METSIK (WILD) draws attention to the notion of wild as metaphor for biodiversity, perceptual awareness and the need for experimenting with open ended non-standardized territories. Wild is not only a term we use to designate the physical space of wilderness, but also a platform for understanding mental and cultural perceptions of natural processes. Wild aims to open up discussions and dispute underlying assumptions regarding objectification, commodification, and normalization of living entities within complex ecological systems. Wild is a frame for self-reflection about ones influence on the processes we aspire to control. Wild is an exercise in observing the subtle transition zones between human activity and plant and animal habitats, from spaces of civilized control to the wilding areas of abandonment, ruins and forgotten cultivation slowly fading into the ever evolving perma-forest of life.
PROCESS / ACTIVITIES / EVENTS
METSIK involves a group of curated artists in a series of residencies, symposia and public events, that will take place from January through November 2018.
15.04- 30.06 Residencies at MOKS (3 artists, 1- 2 months)
July 22-28 Metsik Camp/Symposium Piirimäe farm (Viisli, Mooste) and surrounding areas (MoKS team + 5 artists/thinkers)

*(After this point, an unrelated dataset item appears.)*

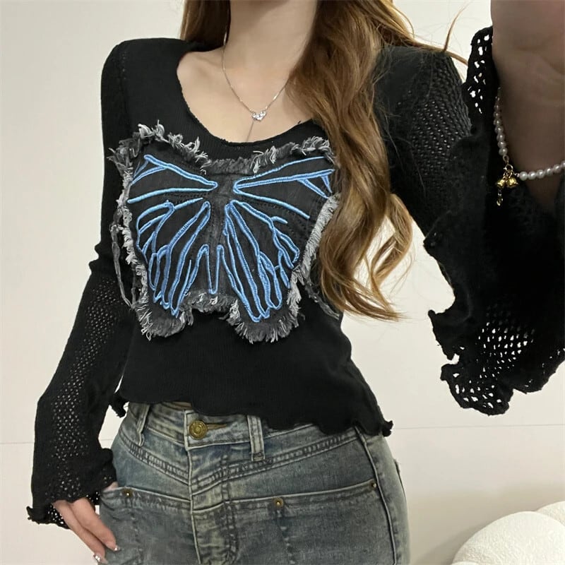 グラフィック Tシャツ クロップトップ Y2k フェアリーコア美学グランジ フレア袖スウィート ガール ボウ蝶セーターセクシー Tシャツ Ropa フレアスリーブ リボン 大人ガーリー キュート カジュアル

October/ November Exhibition and presentation of works and ideas at Tartu Art House
Fermentation along the borders of civilization
To what degree can we observe and evaluate the outcomes of our decisions? The Mooste manor, was “re-discovered” at the end of 20th century by artists, as an attractive place with its abandonment and potential wilderness. This border area, consisting of past and present, empowered artists and eventually the local municipality with ideas and a surplus of space. Estonia's, joining the EU allowed access to structural funds, opening the doors for redevelopment for the local municipality. Thanks to this, the majority of the Mooste manor complex was renovated and revived. From a ramshackle, overgrown corner of the village, historical layers were sorted as pleasing objects and were subsequently polished and exposed anew. As a result, the Mooste manor is becoming a regional trademark and source of pride, as an exemplary 'normalized' model of a well preserved historical complex. While the surfaces shine and new life grows, the machines of management, marketing and manicured lawns, sow the seeds of social tensions borne out of contractual obligations, political showmanship and economic interests. For the artists who arrived early on the scene, the values of undefined territories and the potential for creative intervention found in the cracks of history have become the very detriment of progress and threat to the ideals of the exemplary model. Is this what comes with the revival of architectural relics (as a unconscious simulacrum of history itself)? Are we too afraid to ask ourselves, at what cost and to whom, did these manors come to be? Do we awaken the ghosts in our very pursuit to highlight the past? The risks, challenges and consequences of our policies and decisions now, like then, often seem beyond our control (or possibly in the hands of those who are “in control”). But to what degree and how, can we, in our inherent “human nature”, define our abilities to balance the civilizing forces of development and control with the complex fermentative processes of “wild” natural habitats?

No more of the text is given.